[Start of section]

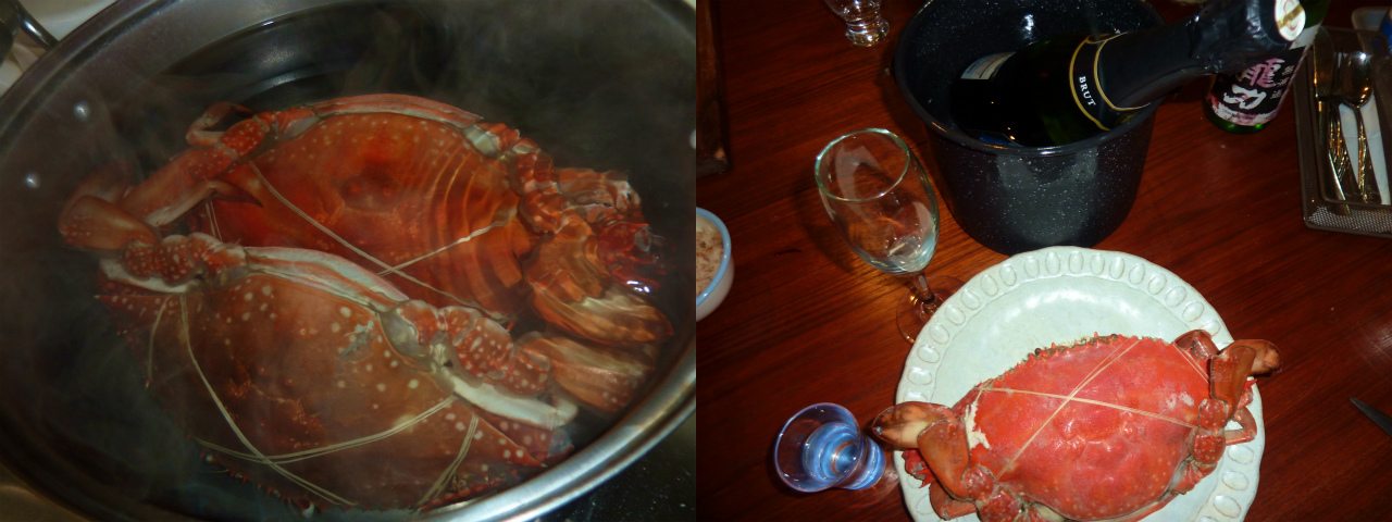 夜。今年一年頑張ったご褒美に、ワタリガニのメスを頂く。夏はオス、冬はメスが旨い。生タラバも捨てがたいが、データがないので。
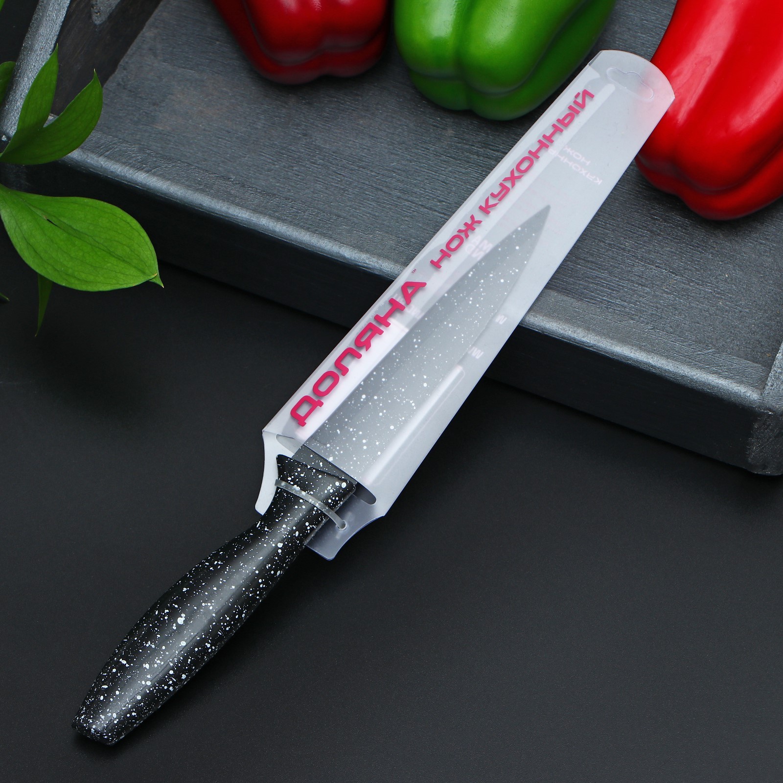 Нож с антиналипающим покрытием доляна «зефир», универсальный, лезвие 12,5 см, цвет чёрный
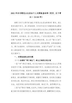 2021年末专题民主生活会个人对照检查材料(党员、五个带头)(4146字)
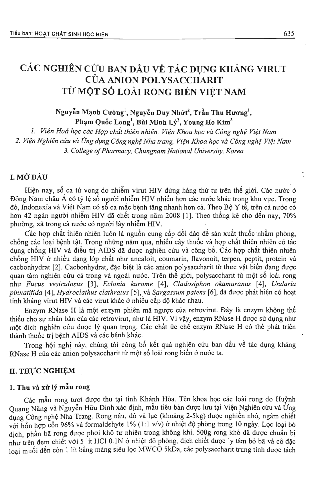 Các nghiên cứu ban đầu về tác dụng kháng virut của Anion polysaccharit từ một số loài rong biển Việt Nam
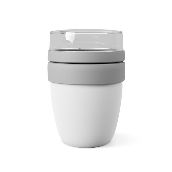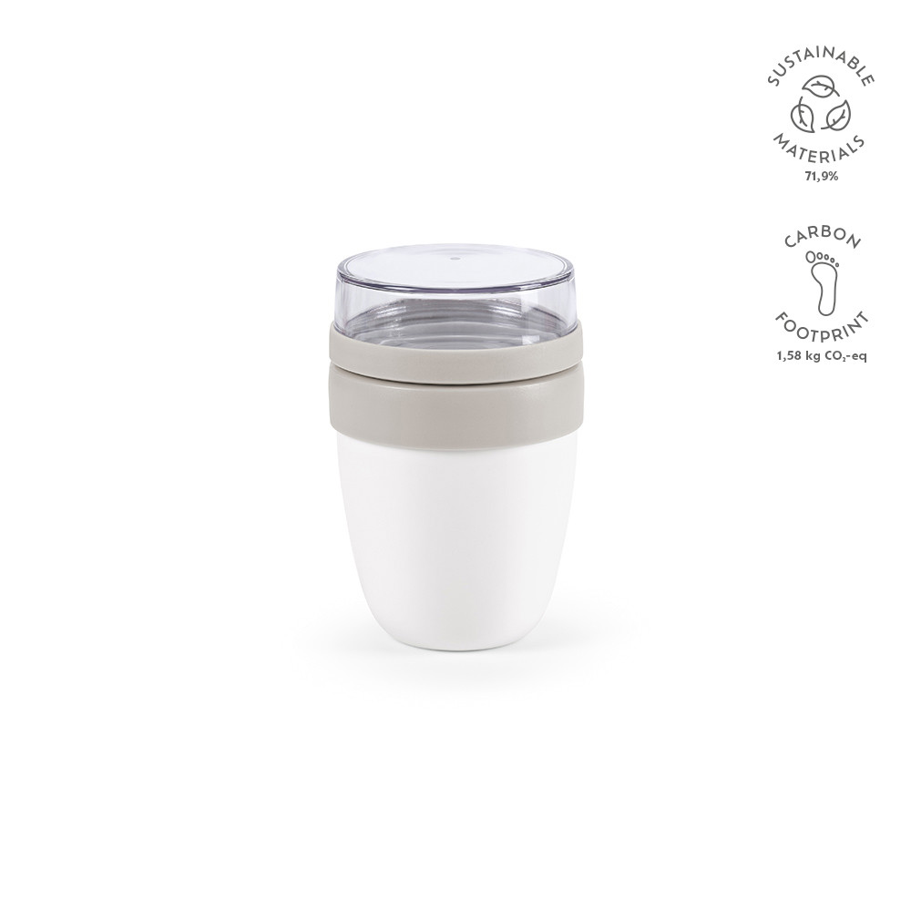 The Rembrandt 800 food flask displays 2 compartments: the bottom 530ml (430ml net) in recycled stainless steel and the 230ml (110ml net) plastic lid. Double-walled and oval-shaped perfect for soup and croutons. The leak-proof lid means you can take it anywhere. Packed inside an individual kraft box.
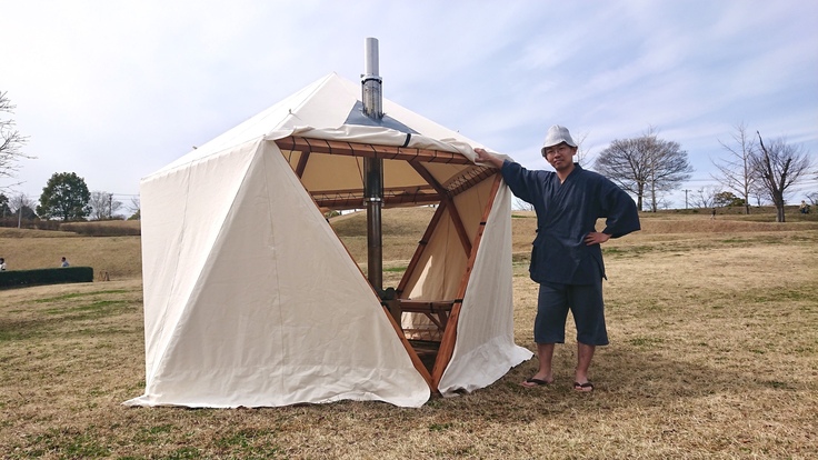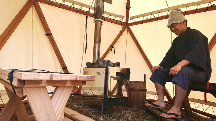 ためしに、既成の野外サウナセットで、デモンストレーションを行ってみたところ、好評だったため、本格的にオリジナルのサウナテントセットの開発に乗り出そうと思いました。
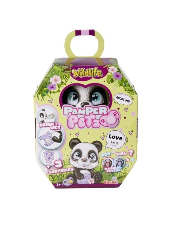 Cu acest panda dragut din familia Pamper Petz, iubitorii de animale mici cu varsta de 3 ani si peste primesc un animal de companie dulce de hranit, ingrijit si iubit - inclusiv un certificat de adoptie! La fel ca toti bebelusii de animale Pamper Petz, figura panda de aproximativ 15 cm inaltime cu ochi mari stralucitori poate bea apa reala si poate face pipi. Pana si scutecul devine galben! Proaspata mama si tata pot afla daca au adoptat o fata sau un baiat stergand labuta cu apa Este albastru sau roz?
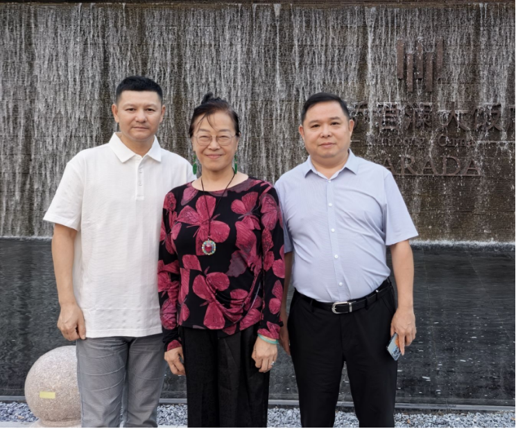 郭林霞、李玮(左一)、带领俄罗斯伙伴吉玛先生一行访问中国民营巨头新长江集团,孙涵副总(左二)陪同参观

[End of section]

Give the data again exactly, without pictures.

◆ Answer to the exercise
 夜。今年一年頑張ったご褒美に、ワタリガニのメスを頂く。夏はオス、冬はメスが旨い。生タラバも捨てがたいが、データがないので。
 Нож с антиналипающим покрытием доляна «зефир», универсальный, лезвие 12,5 см, цвет чёрный
 2021年末专题民主生活会个人对照检查材料(党员、五个带头)(4146字)
 Các nghiên cứu ban đầu về tác dụng kháng virut của Anion polysaccharit từ một số loài rong biển Việt Nam
 The Rembrandt 800 food flask displays 2 compartments: the bottom 530ml (430ml net) in recycled stainless steel and the 230ml (110ml net) plastic lid. Double-walled and oval-shaped perfect for soup and croutons. The leak-proof lid means you can take it anywhere. Packed inside an individual kraft box.
 ためしに、既成の野外サウナセットで、デモンストレーションを行ってみたところ、好評だったため、本格的にオリジナルのサウナテントセットの開発に乗り出そうと思いました。
 Cu acest panda dragut din familia Pamper Petz, iubitorii de animale mici cu varsta de 3 ani si peste primesc un animal de companie dulce de hranit, ingrijit si iubit - inclusiv un certificat de adoptie! La fel ca toti bebelusii de animale Pamper Petz, figura panda de aproximativ 15 cm inaltime cu ochi mari stralucitori poate bea apa reala si poate face pipi. Pana si scutecul devine galben! Proaspata mama si tata pot afla daca au adoptat o fata sau un baiat stergand labuta cu apa Este albastru sau roz?
 郭林霞、李玮(左一)、带领俄罗斯伙伴吉玛先生一行访问中国民营巨头新长江集团,孙涵副总(左二)陪同参观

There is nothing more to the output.